The task
Only the pictures are to be left out; return the rest of the data exactly as it stands.

Data provided
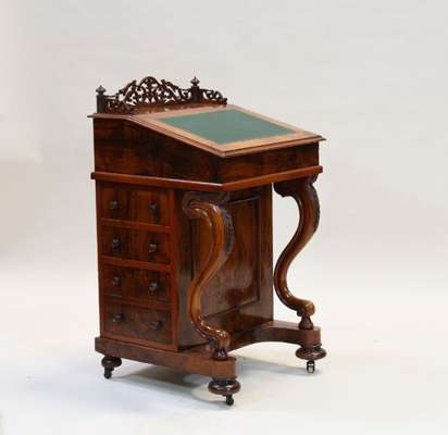 the pierced fretwork gallery over a rise compartment fitted with drawers and pigeon holes, the moulded writing slope with green skiver over plain panel with four end drawers and opposing dummy drawers, carved cabriole supports terminating in C-scrolls, turned caps and brass castors
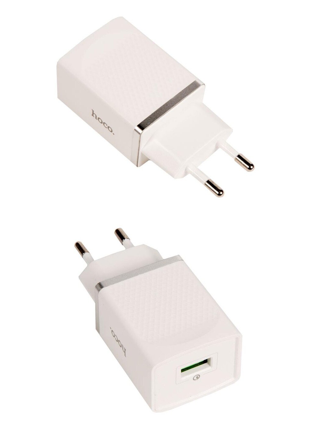 Сетевое зарядное устройство USB Hoco C42A (3A,быстрая зарядка QC 3.0) Белый
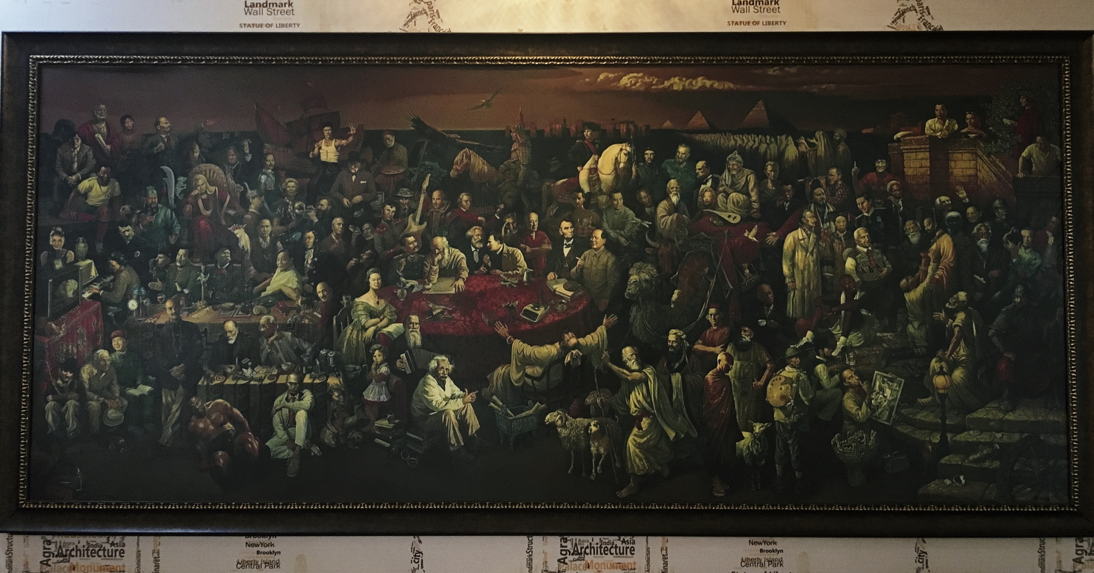 Za kosilo smo se ustavili v restavraciji, kjer so imeli za razliko od prejšnjega dne ne meniju slike in celo vegetarijanske jedi. Ker sva se mesa resnično prenajedla, sva prav z veseljem pojedla riž z malo zelenjave in pa paradižnikovo solato. Usedli smo se pod sliko z imenom “Devine Comedy with Dante” in si čakanje na hrano krajšali z iskanjem znanih oseb. Vse od Stalina, Picassa do Einstaina. Vsega skupaj 103 osebe. Zabavno kosilo :)

Answer to this task
 the pierced fretwork gallery over a rise compartment fitted with drawers and pigeon holes, the moulded writing slope with green skiver over plain panel with four end drawers and opposing dummy drawers, carved cabriole supports terminating in C-scrolls, turned caps and brass castors
 Сетевое зарядное устройство USB Hoco C42A (3A,быстрая зарядка QC 3.0) Белый
 Za kosilo smo se ustavili v restavraciji, kjer so imeli za razliko od prejšnjega dne ne meniju slike in celo vegetarijanske jedi. Ker sva se mesa resnično prenajedla, sva prav z veseljem pojedla riž z malo zelenjave in pa paradižnikovo solato. Usedli smo se pod sliko z imenom “Devine Comedy with Dante” in si čakanje na hrano krajšali z iskanjem znanih oseb. Vse od Stalina, Picassa do Einstaina. Vsega skupaj 103 osebe. Zabavno kosilo :)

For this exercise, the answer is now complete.